On Sept. 28, 1918, a group of 200 Montana college students arrived at the Colorado College campus to train for the world war raging in Europe. The same day, a group of 250 Montana students/soldiers arrived at Boulder’s University of Colorado campus.
Tragedy was on the way for Colorado. Two dozen of the students who arrived in Colorado Springs were stricken with Spanish influenza, and 13 were sick in Boulder.
“From these prosperous little cities the disease spread to every part of the great state,” the Colorado State Board of Health later reported.
By the end of November 1918, 37,074 influenza cases had been reported in Colorado. The state’s population was 908,000.
The death days of 1918 again seem fresh. A century ago, state leaders acted aggressively to what a newspaper writer called “invasion by epidemic.” On Oct. 16, 1918, Gov. Julius Gunter banned all gatherings, a move that led to aggrieved protest. How, thousands asked, can the governor demand control over my daily life and decisions?
I’ve listened to outrage over the current controls on gathering. I’ve read letters to the editor that wonder why such strong steps are required in 2020.

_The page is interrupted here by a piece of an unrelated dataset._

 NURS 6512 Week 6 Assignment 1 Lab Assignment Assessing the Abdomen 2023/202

Why, readers ask, should society be shut down?
Here’s the answer. Today’s coronavirus, like 1918’s Great Influenza, is a raging beast that feeds on us mingling. In normal times, and those times seem far away, it’s best for us to gather in restaurants and churches and movie theaters and concert halls.

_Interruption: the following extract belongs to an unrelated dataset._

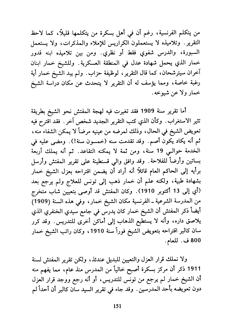 ولا نملك قرار العزل والتعيين للبديل عندئذ، ولكن تقرير المفتش لسنة 1911 ذكر أن مركز بسكرة أصبح خاليا من المدرس منذ عام، مما يفهم منه أن الشيخ خمار لم يرجع من تونس للتدريس، أو أنه رجع ووجد قرار العزل دون تعويضه بأحد المدرسين. وقد جاء في تقرير السيد سان كالبر أن أحدا لم

In 1918 and March 2020, it’s best for us to remain apart, preferably by at least six feet. If you don’t worry about catching coronavirus, that’s your business.
But if you catch coronavirus and transmit it to others, that becomes everyone’s business. Imperiling yourself is vastly different than imperiling those who surround you.

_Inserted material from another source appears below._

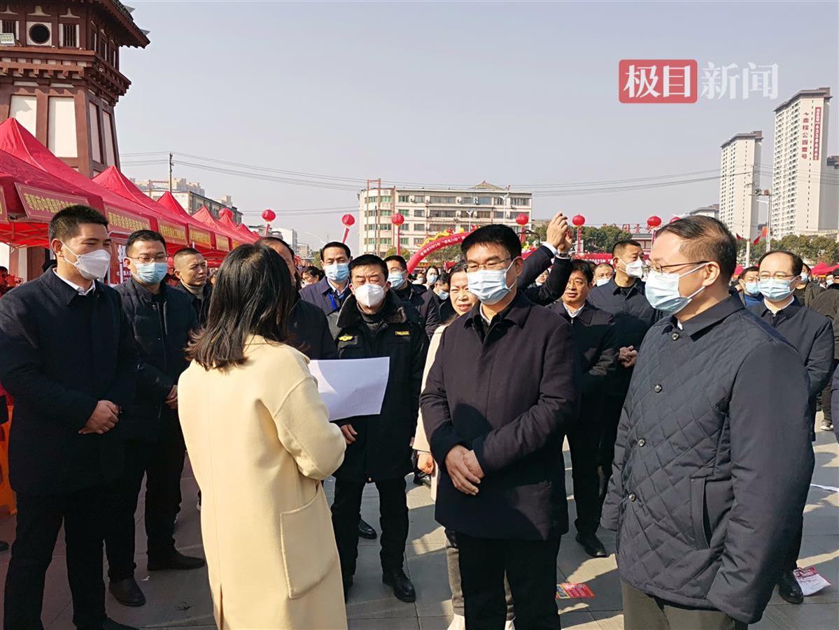襄阳市委常委、枣阳市委书记孟艳清(右二)等与招聘企业交流

“Spanish influenza is a crowd disease,” The Gunnison Times reported in 1918.
So is coronavirus.
Much is different from the 1918 Spanish flu and the 2020 coronavirus.
In 1918, the young were at the greatest risk. I’m still shaken by an Oct. 8, 1918, newspaper account on the death of 8-year-old Loisa Bass, the first victim in Durango. She had been sick four days. She died at her home on 926 Main Ave., her parents by her side.
In later years, researchers theorized older Americans were spared in 1918 because of immunity developed from earlier, weaker versions of the flu virus. The lack of those antibodies often killed the young and strong.
Today, the elderly face the greatest risk.
But this risk from 1918 and 2020 is the same: Gathering together, especially in large groups, can be deadly.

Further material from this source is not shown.